James McManus, head of ETF research at Nutmeg, commented: "The biggest disruption on investors’ minds was all about the settlement of Irish based ETFs in London post no-deal.
"However, this appears to have been solved as back in March when the European Commission gave Euroclear UK & Ireland (the central securities depositary for Irish based London listed ETFs) equivalence status, allowing continued settlement under a no-deal Brexit scenario until March 2021."
The benefits of using this model is a more timely settlement and a reduced incidence of settlement fails related to share transfers, relative to the domestic settlement model.
According to Ciaran Fitzpatrick, head of ETF servicing, Europe, at State Street, other benefits of the ICSD model include improved liquidity, transparency and trading volumes. It opens European ETFs to settle shares in Asia, such as Hong Kong and Singapore.
One issue of implementing these market changes by 2021 is the timeliness. Not all ETF issuers have made the transition and the project can take up to 10 months to complete.

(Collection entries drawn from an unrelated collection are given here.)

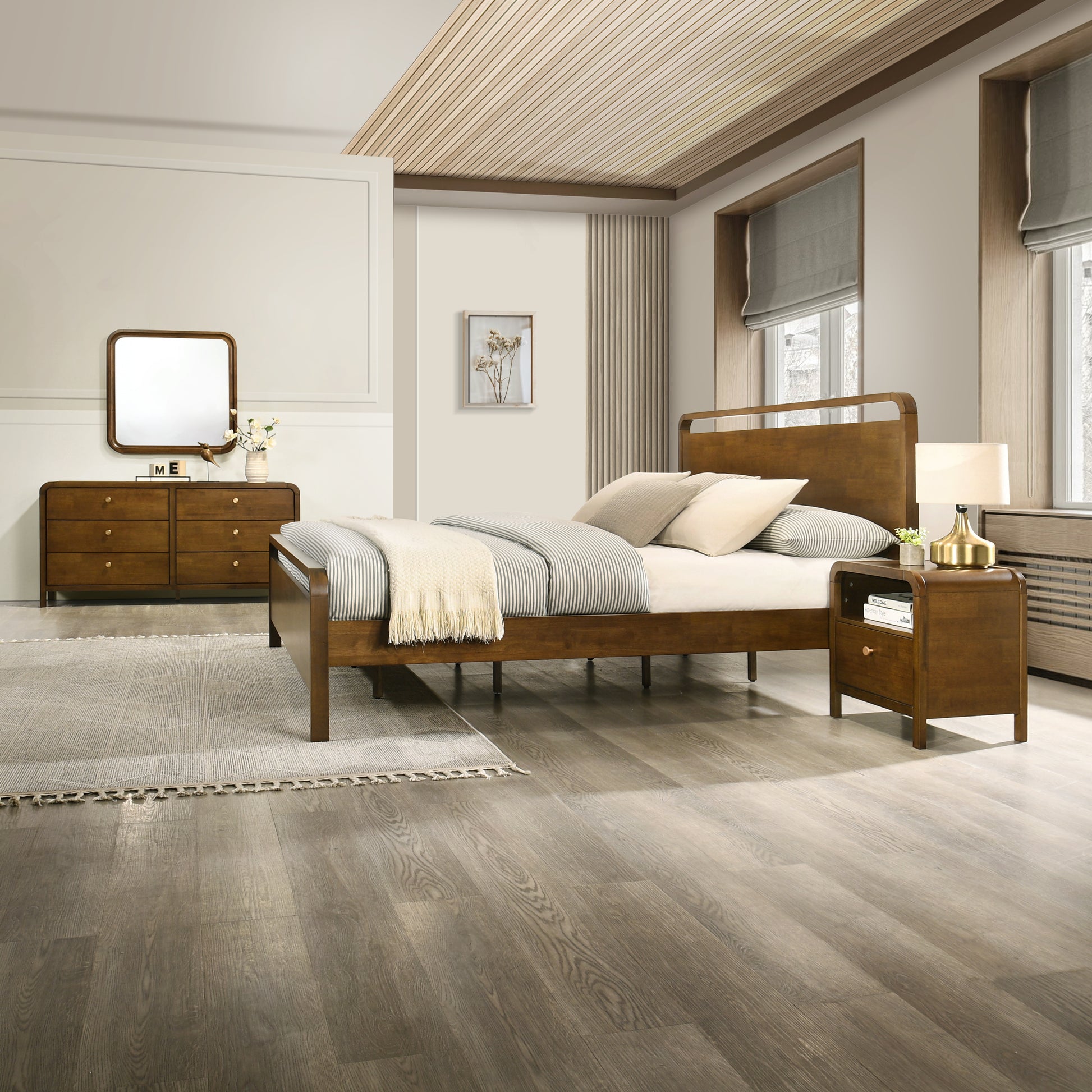 - Warm Walnut Finish – Features a rich walnut tone that enhances natural wood grain, adding warmth and timeless appeal that complements a wide range of bedroom décor styles.
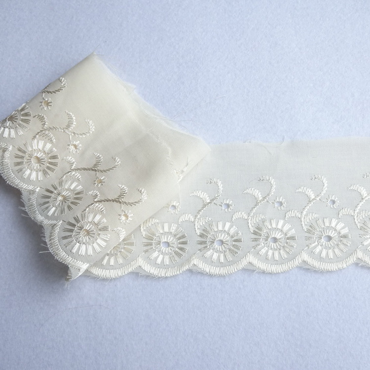 Flat Cream Broderie Anglaise Lace - 65mm Wide
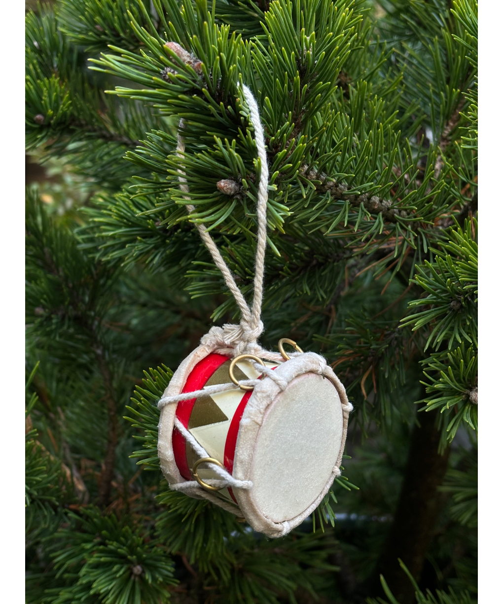 lovely miniature paper red drum christmas tree ornament with finest details, cord, metal rings, painted and laquered details

Fitzpatrick said: “One problem is the timeline. A number of issuers have not engaged in the transition and the project takes a long time to complete with the Euroclear Bank.
“All issuers need to start transferring [models] now as it would be damaging to the whole industry if one does not complete it by the deadline.”
As the migration has been implemented as a result of Brexit, uncertainty on when the UK will leave the European Union has left some small issuers thinking Brexit might be cancelled, said Fitzpatrick.
A concern for issuers is ensuring they are well prepared to be able to distribute funds in and out of the UK post-Brexit as well as contractual arrangements for staff based in the UK.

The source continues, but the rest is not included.